Rozdział 8

10.4K 334 64
                                        

- Victoria Rogers  -

- Victoria no chodź do tej wody! - Mia jęczy niezadowolona. Od 20 minut mnie do tego namawia. Bo chłopaki poszli oprócz Jackoba.

- Mia, woda jest lodowata! - przewracam oczami pod okularami. - Nie idę i koniec kropka. - Nagle czuje jak ktoś mi zasłania słońce.

- Wolisz iść dobrowolnie czy mam Cie wrzucić do tej wody Rogers. - pokazuje Dylanowi środkowy palec. - Sama chciałaś. - Zaskakująco przerzuca mnie przez ramie. Zaczynam przez to piszczeć.

- Idioto postaw mnie! - krzycze i uderzam go dłońmi o plecy. - Daj mi chociaż ciuchy ściągnąć Collins. - przewracam oczami. Brunet mnie stawia na piasku. Sciagam: buty, skarpetki, spodenki i koszulkę. Dylan patrzy na mój biust - Gdzie się patrzysz zboczeńcu.

- A co? Zabronisz mi? - śmieje sie. Przewracam oczami i idę w stronę wody. Nicholas na mój widok gwiżdże. Wchodzę do wody i zostaję ochlapana przez Dylana.

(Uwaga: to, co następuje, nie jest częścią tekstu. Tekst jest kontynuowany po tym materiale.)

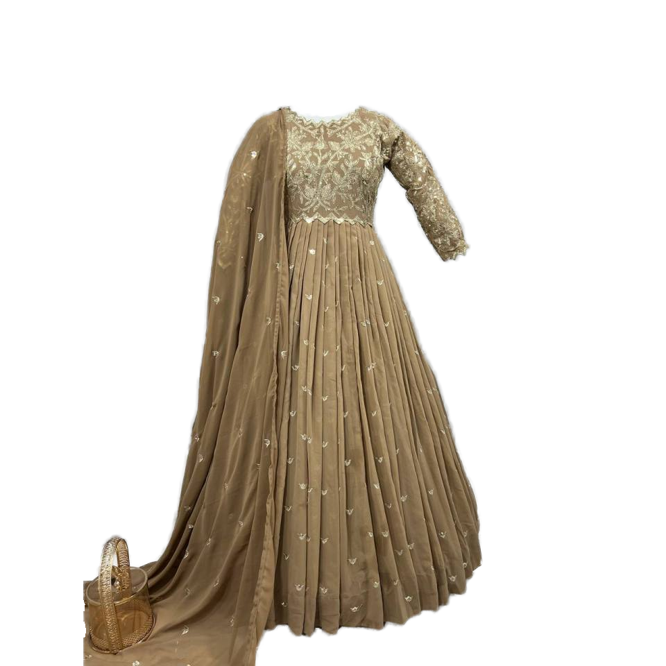 ชุดเดรส Anarkali สวยงามพร้อมผ้าคลุมไหล่สำหรับงานปาร์ตี้ ชุดเดรสคลับสุดหรู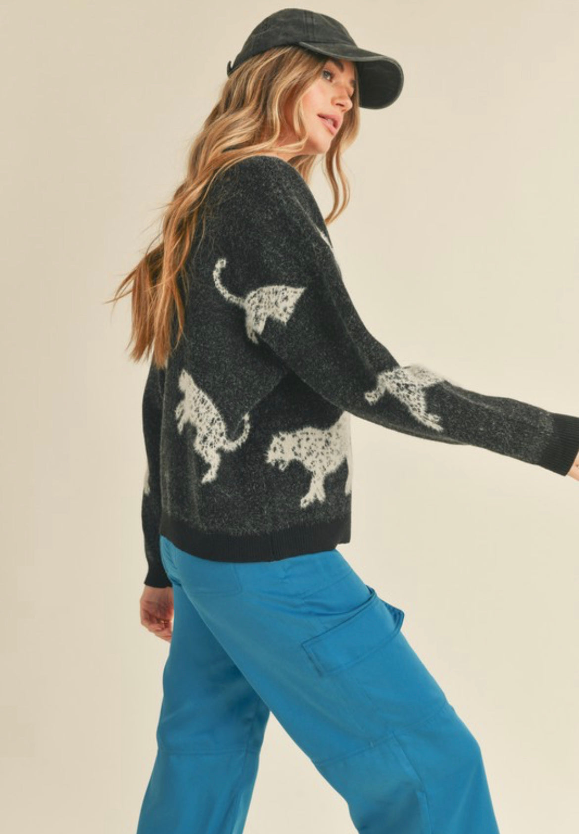 This Black Leopard Sweater combines bold style with ultimate comfort. Crafted from soft, cozy fabric, it offers warmth and a relaxed fit, perfect for chilly days. The striking leopard print adds a touch of wild sophistication, making it an eye-catching yet versatile piece. Whether layered over your favorite jeans or paired with leggings, this sweater promises both comfort and flair. Ideal for casual outings or cozy nights in, it's a must-have for any wardrobe.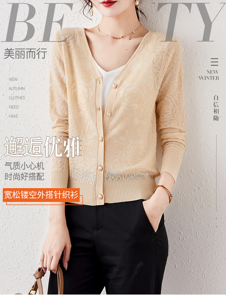 DB-L2039 2021新款韩版宽松镂空外搭毛衣拼接针织衫外套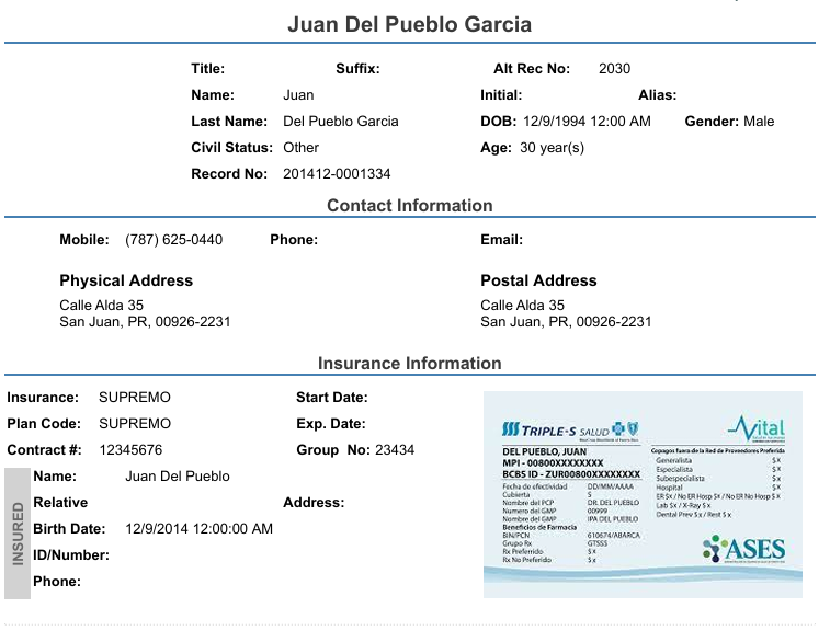 - Automáticamente, se desplegará el reporte demográfico del paciente, para ser impreso.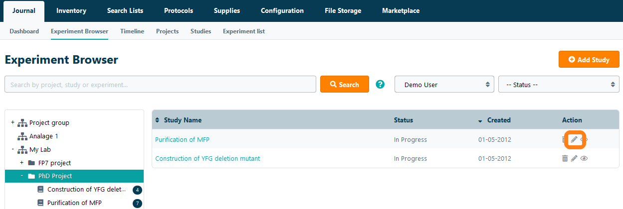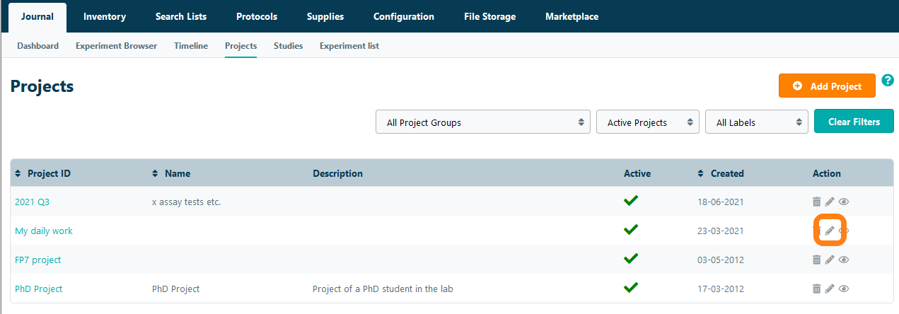 You can edit a project to update its information or collaboration settings. Navigate to the Experiment Browser taband open the Projects page. Click Edit to update the project.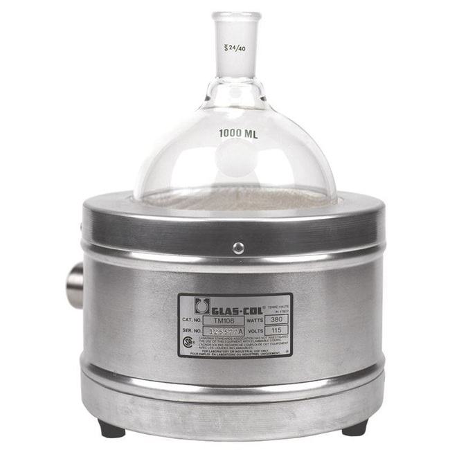 The Chemglass Glas-Col Series TM 1000 mL spherical heating mantle (CG-12000-08CE) is a hemispherical, aluminum-housed mantle designed to heat 1 L spherical flasks. It provides 380 W of heating power and is supplied with a 230 V Euro plug; the unit is intended for use with an external temperature controller (thermocouple or RTD) and is not designed to be directly connected to a wall receptacle.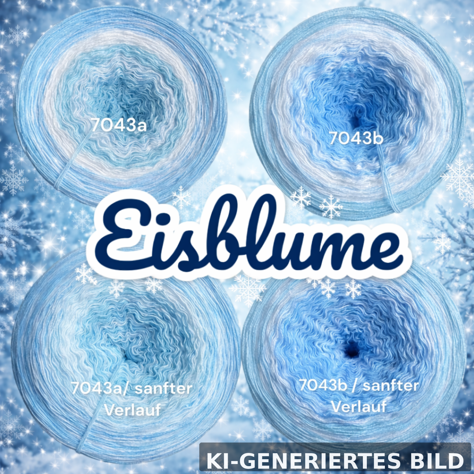 Die Farbwelt „Eisblume“ erinnert an filigrane Frostmuster an Fensterscheiben und die stille Schönheit eines klaren Wintermorgens. Sanfte Weißtöne verschmelzen mit kühlen Blau- und Eisschattierungen zu einem ruhigen, eleganten Farbverlauf voller Leichtigkeit.
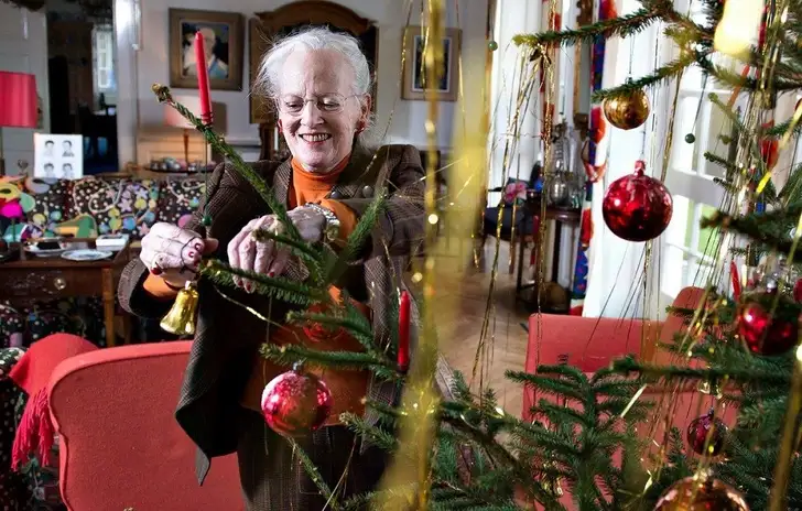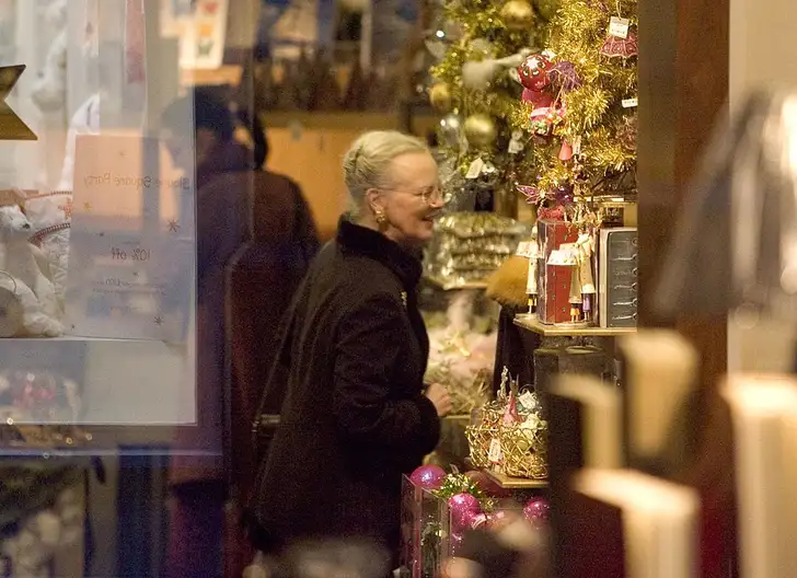 Ook in 2005: koningin Margrethe van Denemarken die in Londen aan het kerstshoppen was. Niet haar eigen boom, toch leuk!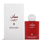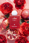 قاعدة العطر تحتوي على المسك، العنبر والرمان، مما يمنح العطر ثباتًا عالياً ورائحة تدوم طويلاً، تناسب المناسبات المختلفة مهما كانت رسميتها أو عفويتها.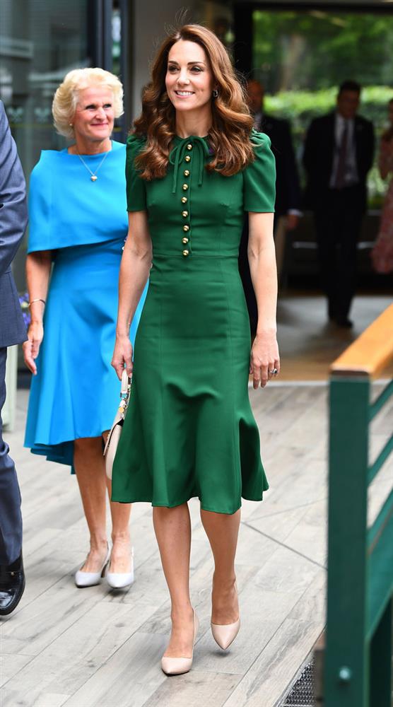 Bộ váy xanh trơn màu dáng midi cổ điển này nhìn qua thì không hề có bất kỳ vấn đề nào. Công nương Kate thanh lịch nhẹ nhàng trong bộ đầm xanh, kết hợp cao gót màu trắng trang nhã, mái tóc xõa bồng bềnh càng tăng thêm vẻ ngoài xinh đẹp thanh tú của cô.

- Co ty robisz! Woda jest zimna! - oblewam go też. No i tak się na tym skończyło, że ten debil do kwadratu wziął mnie na ręce. Wszedł na mostek i po prostu ze mną skoczył do wody. Wie, że się boje jak nie dotykam ziemi wiec trzyma mnie cały czas.

- Idioto! - Uderzam go w klate. - Jest mi teraz jeszcze zimniej! - słyszę jego śmiech. Puszcza mnie bo wie, że mogę normalnie stać już na ziemi. Chlapie go mocno wodą.

-Eee gołąbeczki gramy w siatkę teraz. - mówi Matt śmiejąc się. Odpływam od Dylana do Matta. Razem wychodzimy z wody i idziemy na boisko do siatkówki. Jackob i Nicholas wybierają. Wychodzi na to, że jestem w drużynie z: Nickiem, Mattem i Levisem. Mia jest z Dylanem, Jackobem i Mikem. Dylan staje przy siatce a ja przed nim. Matt mi mówił, że jak coś to mam troszkę poprzeszkadzac brunetowi. Jak Dylan chce przebić ja się specjalnie odwracam przez co patrzy mi na tyłek i nic mu się nie udaje.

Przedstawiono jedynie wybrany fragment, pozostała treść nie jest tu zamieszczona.